4.        The calculated interval T is set to a number uniformly distributed between 0.5 and 1.5 times the deterministic calculated interval.

5.        The resulting value of T is divided by e-3/2=1.21828 to compensate for the fact that the timer reconsideration algorithm converges to a value of the RTCP bandwidth below the intended average.

This procedure results in an interval which is random, but which, on average, gives at least 25% of the RTCP bandwidth to senders and the rest to receivers.  If the senders constitute more than one quarter of the membership, this procedure splits the bandwidth equally among all participants, on average.

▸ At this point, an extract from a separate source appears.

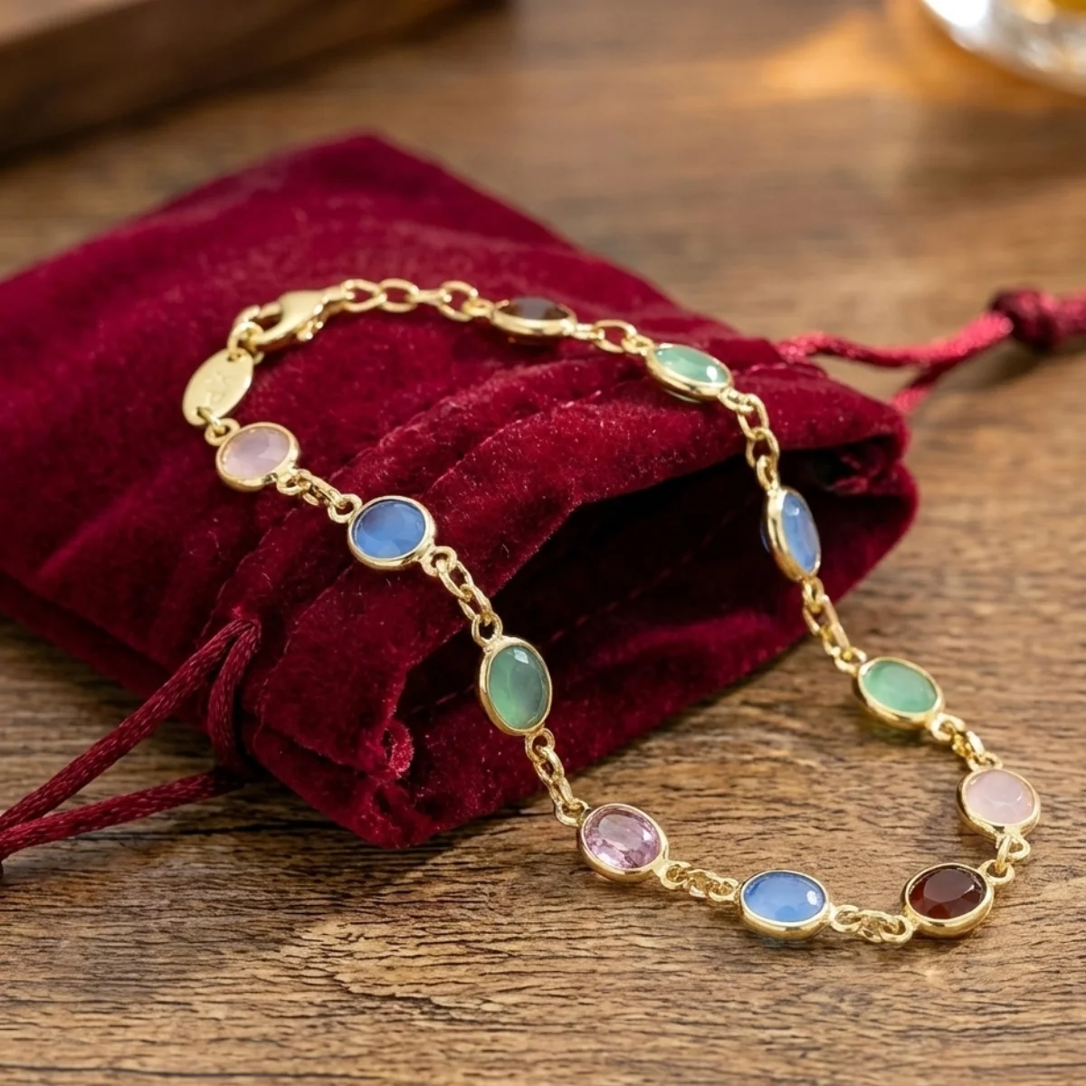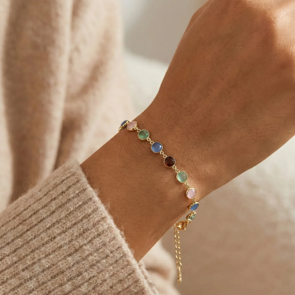 Gładka Oprawa (Bezel): Każdy kamień (o średnicy 7 mm) jest otoczony złotą ramką. To nie tylko wygląda estetycznie, ale sprawia, że bransoletka jest gładka w dotyku i nie zaciąga delikatnych materiałów (np. jedwabnych bluzek).

    def rtcpinterval(self, initial=False):

        if len(self.senders) < 0.25*len(self.members):

            if self.wesent: C, n = self.avgrtcpsize / (0.25*self.rtcpbw), len(self.senders)

            else: C, n = self.avgrtcpsize / (0.75*self.rtcpbw), len(self.members) - len(self.senders)

        else: C, n = self.avgrtcpsize / self.rtcpbw, len(self.members)

        return (min(initial and 2.5 or 5.0, n*C)) * (random.random() + 0.5) / 1.21828

 

Sendind RTCP

When the RTCP timeout expires, we send the compound RTCP packet as necessary.

From RFC3550 p.90 –

void OnExpire(event e,

              int    members,

              int    senders,

              double rtcp_bw,

              int    we_sent,

              double *avg_rtcp_size,

              int    *initial,

              time_tp   tc,

              time_tp   *tp,

              int    *pmembers)

{

  /* This function is responsible for deciding whether to send an

   * RTCP report or BYE packet now, or to reschedule transmission.

   * It is also responsible for updating the pmembers, initial, tp,

   * and avg_rtcp_size state variables.  This function should be

   * called upon expiration of the event timer used by Schedule().

   */

 

  double t;     /* Interval */

  double tn;    /* Next transmit time */

 

  /* In the case of a BYE, we use "timer reconsideration" to

   * reschedule the transmission of the BYE if necessary */

  if (TypeOfEvent(e) == EVENT_BYE) {

     t = rtcp_interval(members,

                       senders,

                       rtcp_bw,

                       we_sent,

                       *avg_rtcp_size,

                       *initial);

     tn = *tp + t;

     if (tn <= tc) {

       SendBYEPacket(e);

       exit(1);

     } else {

       Schedule(tn, e);

     }

 

   } else if (TypeOfEvent(e) == EVENT_REPORT) {

     t = rtcp_interval(members,

                       senders,

                       rtcp_bw,

                       we_sent,

                       *avg_rtcp_size,

                       *initial);

     tn = *tp + t;

     if (tn <= tc) {

       SendRTCPReport(e);

       *avg_rtcp_size = (1./16.)*SentPacketSize(e) +

           (15./16.)*(*avg_rtcp_size);

       *tp = tc;

 

       /* We must redraw the interval.  Don't reuse the

          one computed above, since its not actually

          distributed the same, as we are conditioned

          on it being small enough to cause a packet to

          be sent */

 

       t = rtcp_interval(members,

                         senders,

                         rtcp_bw,

                         we_sent,

                         *avg_rtcp_size,

                         *initial);

 

       Schedule(t+tc,e);

       *initial = 0;

     } else {

       Schedule(tn, e);

     }

     *pmembers = members;

   }

}

    def timedout(self, timer):

        if not self.running: # need to send BYE

            delay = self.rtcpinterval()

            self.tn = self.tp + delay

            if self.tn <= self.tc:

                self.sendBYE()

            else:

                self.timer.start((self.tn - self.tc) * 1000)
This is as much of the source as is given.